问题描述
考虑以下代码:
trait TypeOr[E, F] {
type T
}
implicit def noneq2[E, F](implicit ev: E =!= F): TypeOr[E, F] = new TypeOr[E, F] {
type T = (E, F)
}
sealed trait Error[+E, +A]
case class Err[E, A](e: Error[E, A]) {
def combine[B, F](f: A => Error[F, B])(implicit ev: TypeOr[E, F]): Error[ev.T, B] = ???
}
val result = Err(null.asInstanceOf[Error[Int, Int]]).combine(_ => null.asInstanceOf[Error[String, String]])
到目前为止,一切都很好.根据以上定义,我得出结论,结果的扩展类型如下:
So far so good. From the definitions above, I concluded, that the expanded type of the result is following:
val itsType: Error[(Int, String), String] = result
但是显然不是,因为编译器会回复:
But apparently it is not, since the compiler replies with:
found : returnerror.Comb.Error[returnerror.Comb.TypeOr[Int,String]#T,String]
required: returnerror.Comb.Error[(Int, String),String]
val itsType: Error[(Int, String), String] = result
是否可以找出表达式的简化-扩展类型?我无法从编译器获得此信息,我试图在擦除阶段之前打印AST,但是扩展类型仍然不存在.
Is it possible to find out the simplified - expanded type of the expression?

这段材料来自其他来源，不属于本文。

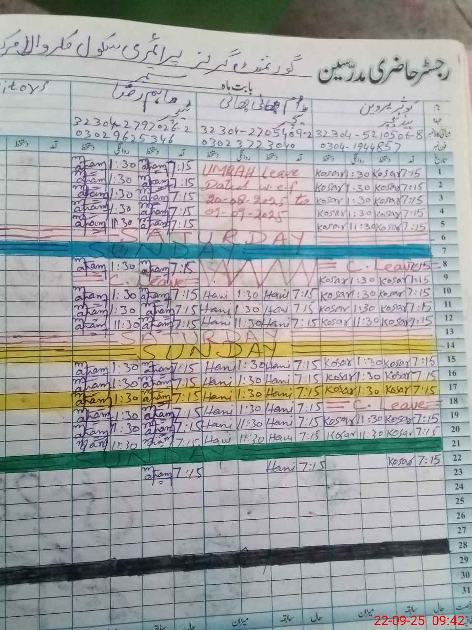| CNIC | Full Name | Designation | R/C | Absence During Last Calender Month |
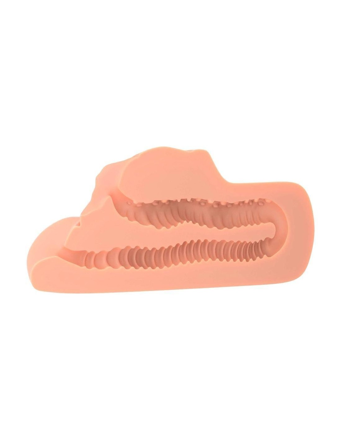 Pratico masturbatore in look vagina/ano realistico. I tunnel del piacere fatti di materiale simile alla pelle Fanta Flesh sono dotati di scanalature di stimolazione distintamente strutturate all'interno, che assicurano un massaggio intenso ed efficace per l'orgasmo durante l'handjob. La pressione può essere facilmente variata per una deliziosa sensazione di presa. Inoltre, il design del tunnel chiuso fornisce un eccitante effetto di aspirazione. I due tunnel del piacere sono collegati per una facile pulizia.
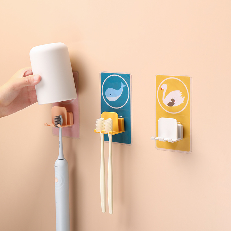 牙刷架卫生间置物架创意卡通牙刷支架无痕免打孔漱口杯牙刷架挂钩
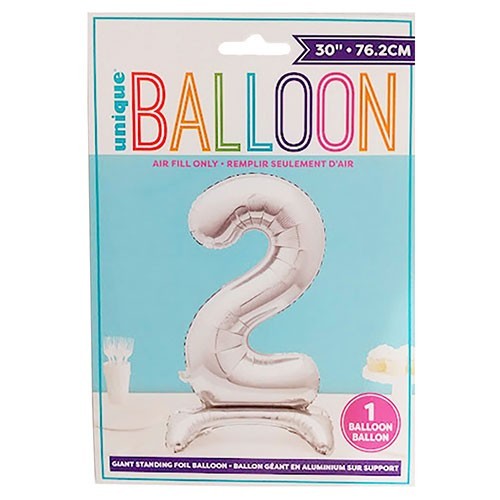 - 送料込 フォイル ナンバーバルーン スタンディング (#2 シルバー) 30 76.2cm 16059 風船 数字 数 大きい 誕生日 パーティーグッズ 飾り
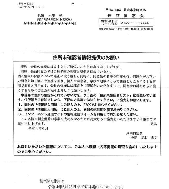 6月9日に同期の住所未確認者リストを発送いたしました。
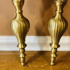 Pair Vintage Gothic Large Ornate Brass Filigree Candlestick Holder Pillar
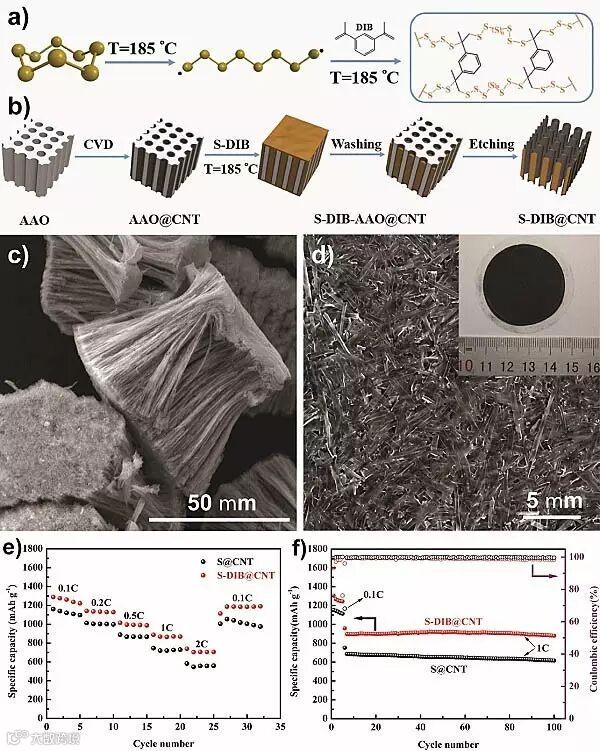 图1. 有机硫聚合物(a)和有机硫聚合物/碳纳米管复合材料(b)的合成示意图;有机硫聚合物/碳纳米管复合材料(c)和膜电极(d)的扫描电镜照片;物理和化学双重限制的有机硫聚合物/碳纳米管与单一物理限制的硫/碳纳米管复合材料的倍率性能(e)和循环性能(f)对比。
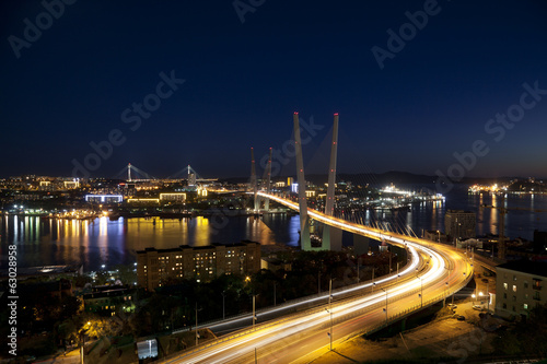 © vesta48, Fototapeta premium Night Vladivostok. Golden bridge
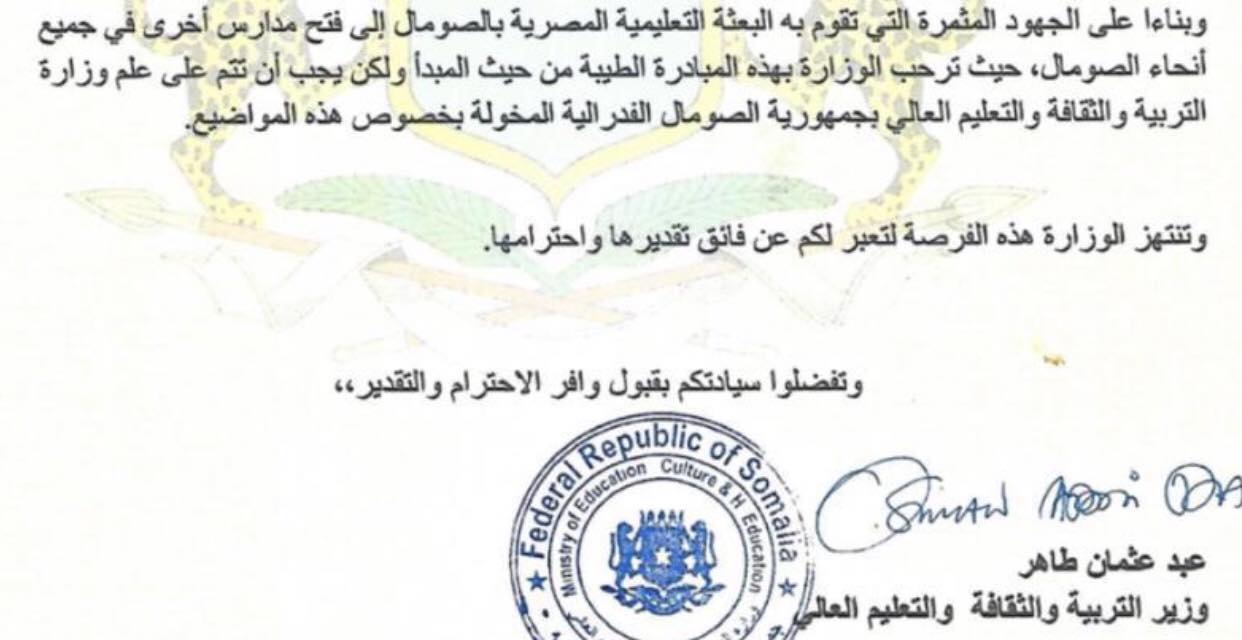 Goobjoog ayaa heshay warqad uu wasiirkii waxbarashada Cabdi Cusmaan Daahir u diray dhiggiisa Masar Dhaariq Showqi, kuna taariikheysan June 6, 2018 isaga oo ammaanay barnaamijka waxbarasho ee Masaaridu ka wadaan gudaha Soomaaliya laakin ka codsaday in aan la qaadin tallaabo aaney ka warqabin wasaaradda waxbarashada. Wasiir Cabdi Daahir oo aan warqadda aan wax ka weydiinay waxaa uu sheegayaa in aanu xilligaas khilaaf jirin balse uu ku wargeliyey Masaaridu in wasaaradda la ogeysiiyo shaqada socota, si wax u fududeyso, laguna saleeyo iskuulada la furayo baahida deegaanka. Waxaa muuqata in Masaaridu ay hawlahooda sii wateen iyaga oo bilo kadib iskuulka Kamaalu-diin ka furay Burtinle.
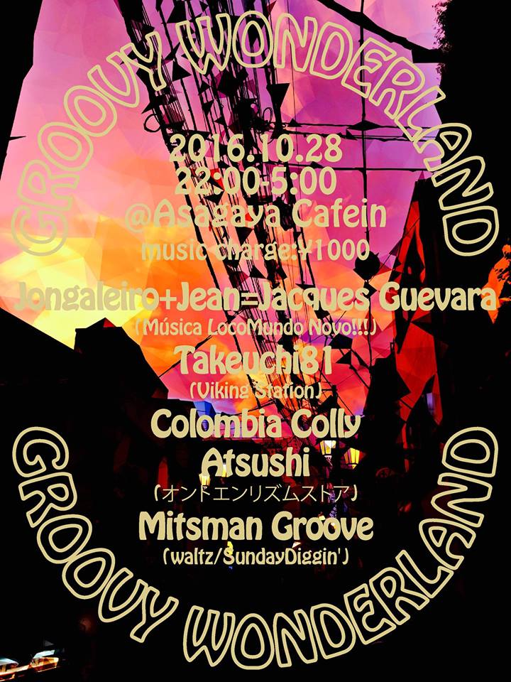 DJs Jongaleiro+Jean=Jacques Guevara (Música LocoMundo Novo!!!) Takeuchi81 (Viking Station) Colombia Colly Atsushi (オントエンリズムストア) Mitsman Groove (walts/Sunday Diggin’)
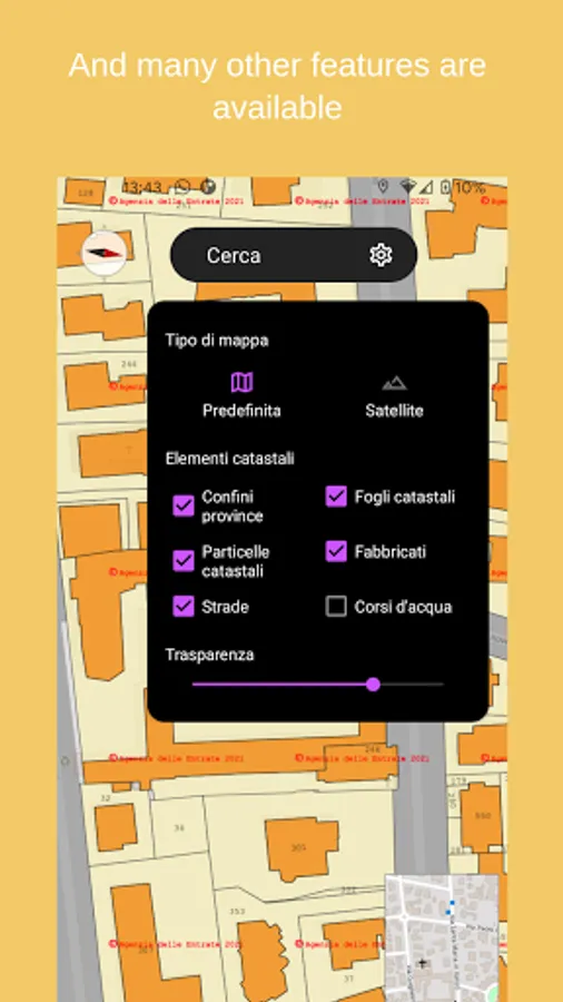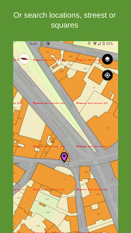 The service is based on the official cadastrial map of the 'Agenzia delle entrate'. All the regions are supported except the provinces of Trento and Bolzano.

I can't get this information from compiler, I tried to print the AST before the erasure phase, but the expanded type is still not there.
推荐答案
首先,当您编写隐式 noneq2
的类型为 TypeOr [E,F]
时,您会丢失类型优化 https://typelevel.org/blog/2015/07/19/forget-refinement-aux.html .正确是
Firstly, when you write that implicit noneq2
has type TypeOr[E, F]
you lost type refinement https://typelevel.org/blog/2015/07/19/forget-refinement-aux.html . Correct is
implicit def noneq2[E, F](implicit ev: E =:!= F) = new TypeOr[E, F] {
type T = (E, F)
}
或使用显式类型更好
implicit def noneq2[E, F](implicit ev: E =:!= F): TypeOr[E, F] { type T = (E, F) } = new TypeOr[E, F] {
type T = (E, F)
}
这就是通常引入 Aux
类型的原因
That's the reason why usually type Aux
is introduced
object TypeOr {
type Aux[E, F, T0] = TypeOr[E, F] { type T = T0 }
implicit def noneq2[E, F](implicit ev: E =:!= F): Aux[E, F, (E, F)] = new TypeOr[E, F] {
type T = (E, F)
}
}
第二,自动推断 result
的类型,即 Error [TypeOr [Int,String] #T,String]
(类型投影 TypeOr [Int,String]#T
是(yT forSome {val y:TypeOr [Int,String]})
的超类型,而且 xT
的父类型也太粗糙了 https://typelevel.org/blog/2015/07/23/type-projection.html
Secondly, automatically inferred type of result
i.e.Error[TypeOr[Int, String]#T, String]
(type projection TypeOr[Int,String]#T
is a supertype of (y.T forSome { val y: TypeOr[Int, String] })
and moreover of x.T
) is too rough https://typelevel.org/blog/2015/07/23/type-projection.html
最好为 result
编写与路径相关的类型.
It's better to write path-dependent type for result
.
但是
val x = implicitly[TypeOr[Int, String]]
val result: Error[x.T, String] =
Err(null.asInstanceOf[Error[Int, Int]]).combine(_ => null.asInstanceOf[Error[String, String]])
不编译.
问题是隐式
会破坏类型细化 https://typelevel.org/blog/2014/01/18/implicitly_existential.html
The thing is that implicitly
can damage type refinements https://typelevel.org/blog/2014/01/18/implicitly_existential.html
这就是为什么存在宏 shapeless.the
.
val x = the[TypeOr[Int, String]]
val result: Error[x.T, String] = Err(null.asInstanceOf[Error[Int, Int]]).combine(_ => null.asInstanceOf[Error[String, String]])
val itsType: Error[(Int, String), String] = result
或者,可以定义自定义实现器
Alternatively, custom materializer can be defined
object TypeOr {
//...
def apply[E, F](implicit typeOr: TypeOr[E, F]): Aux[E, F, typeOr.T] = typeOr
}
val x = TypeOr[Int, String]
val result: Error[x.T, String] =
Err(null.asInstanceOf[Error[Int, Int]]).combine(_ => null.asInstanceOf[Error[String, String]])
val itsType: Error[(Int, String), String] = result
这篇关于Scala编译器扩展类型的文章就介绍到这了,希望我们推荐的答案对大家有所帮助,也希望大家多多支持!